Records to process.
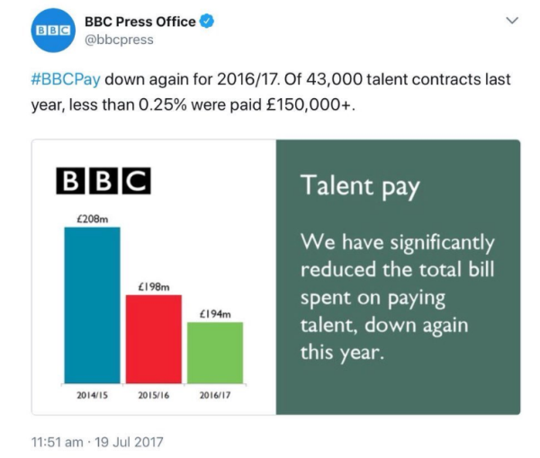 在BBC发布的一份财务情况通报中,BBC在文字中表示该机构在2014-2016年期间节约了不少开支,并配上了一幅反映开支下降的柱状图。
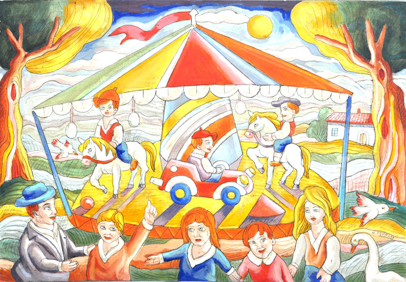 Lotto 501 | ROBERTO SGUANCI La giostra Olio su cartone cm. 50x70 Firma in basso Firma e...
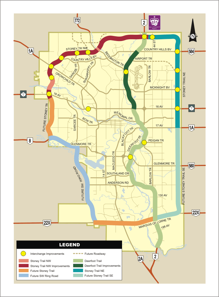 The ring road was not intended to be built when these plans were being developed, and was viewed as something that would be needed in a 30-year time-frame at earliest. A portion of the ring road was first approved to be built in the early 1980s, but an economic recession put those plans on hold. The first leg of the road, in Calgary’s northwest quadrant, would not see construction until 1995 (See The Ring Road System – Implementation for more information).
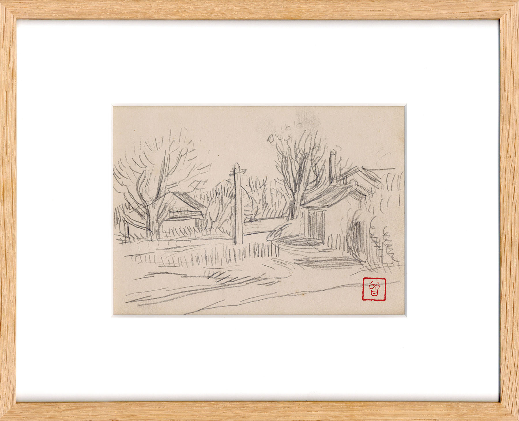 鉛筆 紙 印 裏に画廊印 13×17.8 F:25.8×32 額装
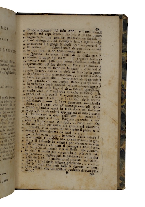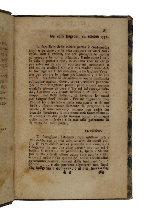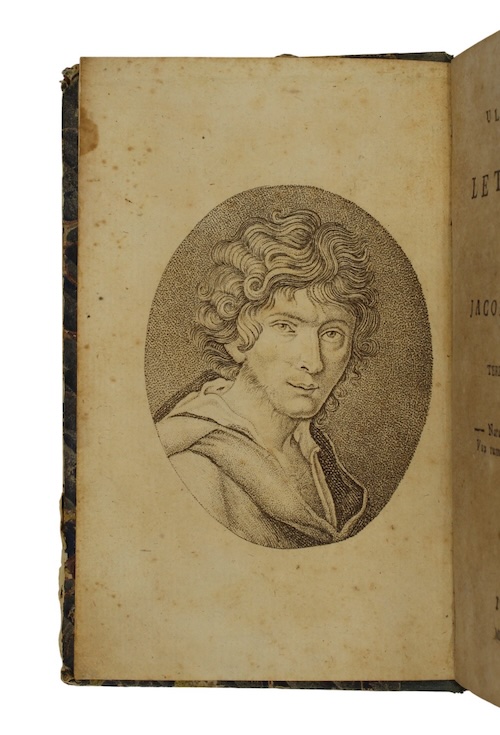 An early edition of Ugo Foscolo's (1778-1827) immensely popular epistolary novel. Initially published in 1802, the book - considered by certain critics to rank as the first modern Italian novel - is notable for its acerbic condemnation of contemporary national politics, specifically Napoleon's cessation of Venetia to Austria in the 1797 Treaty of Campo Formio.

Task prompt. All that is wanted is the run of lines from the start of the material through the line that holds "鉛筆 紙 印 裏に画廊印 13×17.8 F:25.8×32 額装", retyped exactly, with no pictures.

Your solution.
 在BBC发布的一份财务情况通报中,BBC在文字中表示该机构在2014-2016年期间节约了不少开支,并配上了一幅反映开支下降的柱状图。
 Lotto 501 | ROBERTO SGUANCI La giostra Olio su cartone cm. 50x70 Firma in basso Firma e...
 The ring road was not intended to be built when these plans were being developed, and was viewed as something that would be needed in a 30-year time-frame at earliest. A portion of the ring road was first approved to be built in the early 1980s, but an economic recession put those plans on hold. The first leg of the road, in Calgary’s northwest quadrant, would not see construction until 1995 (See The Ring Road System – Implementation for more information).
 鉛筆 紙 印 裏に画廊印 13×17.8 F:25.8×32 額装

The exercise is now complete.